Association of persistent acute kidney injury and renal recovery with mortality in hospitalised patients

Link to article at PubMed

BMJ Health Care Inform. 2021 Dec;28(1):e100458. doi: 10.1136/bmjhci-2021-100458.


OBJECTIVES: Acute kidney injury (AKI) affects up to one-quarter of hospitalised patients and 60% of patients in the intensive care unit (ICU). We aim to understand the baseline characteristics of patients who will develop distinct AKI trajectories, determine the impact of persistent AKI and renal non-recovery on clinical outcomes, resource use, and assess the relative importance of AKI severity, duration and recovery on survival.

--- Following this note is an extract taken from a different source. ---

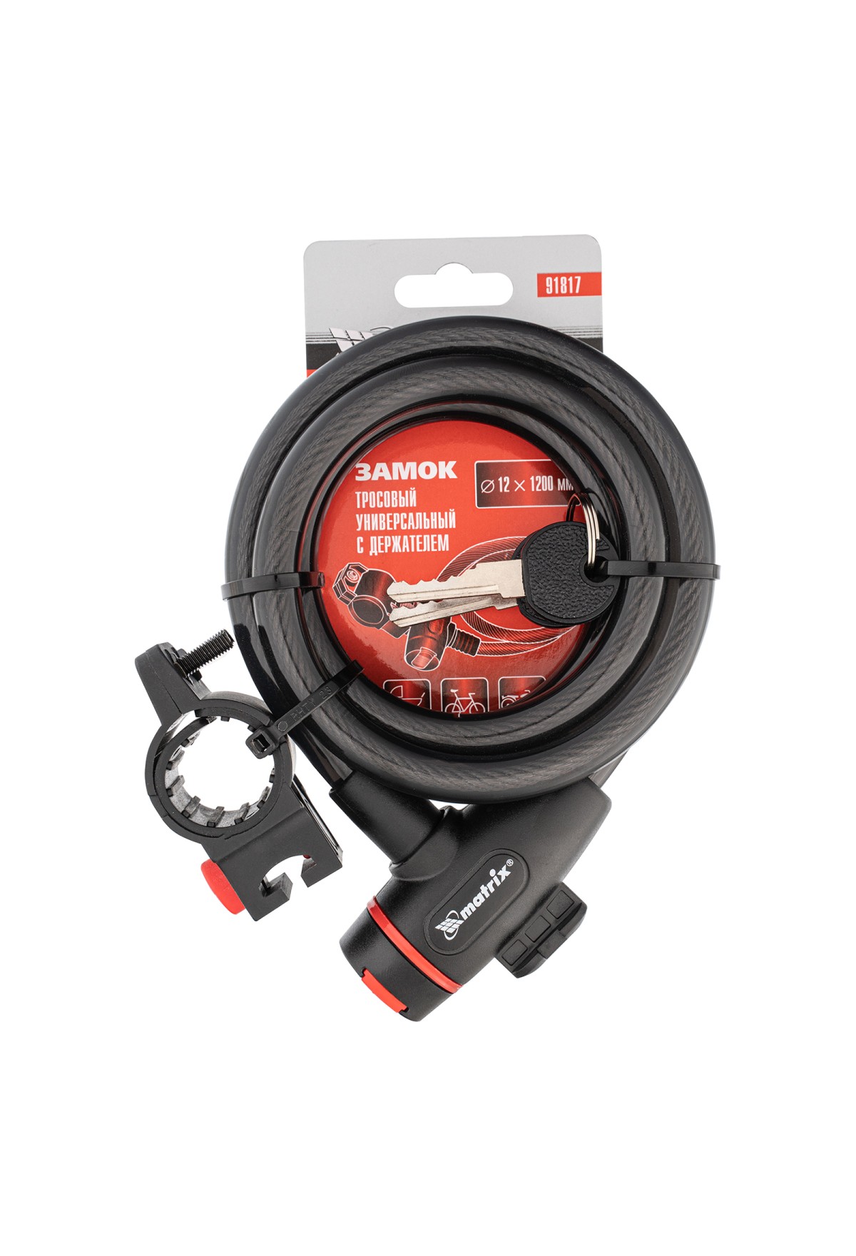 • Замок тросовый универсальный с держателем, 12 х 1200 мм Matrix

METHODS: In this retrospective, longitudinal cohort study, 156 699 patients admitted to a quaternary care hospital between January 2012 and August 2019 were staged and classified (no AKI, rapidly reversed AKI, persistent AKI with and without renal recovery). Clinical outcomes, resource use and short-term and long-term survival adjusting for AKI severity were compared among AKI trajectories in all cohort and subcohorts with and without ICU admission.

RESULTS: Fifty-eight per cent (31 500/54 212) had AKI that rapidly reversed within 48 hours; among patients with persistent AKI, two-thirds (14 122/22 712) did not have renal recovery by discharge. One-year mortality was significantly higher among patients with persistent AKI (35%, 7856/22 712) than patients with rapidly reversed AKI (15%, 4714/31 500) and no AKI (7%, 22 117/301 466). Persistent AKI without renal recovery was associated with approximately fivefold increased hazard rates compared with no AKI in all cohort and ICU and non-ICU subcohorts, independent of AKI severity.

DISCUSSION: Among hospitalised, ICU and non-ICU patients, persistent AKI and the absence of renal recovery are associated with reduced long-term survival, independent of AKI severity.

CONCLUSIONS: It is essential to identify patients at risk of developing persistent AKI and no renal recovery to guide treatment-related decisions.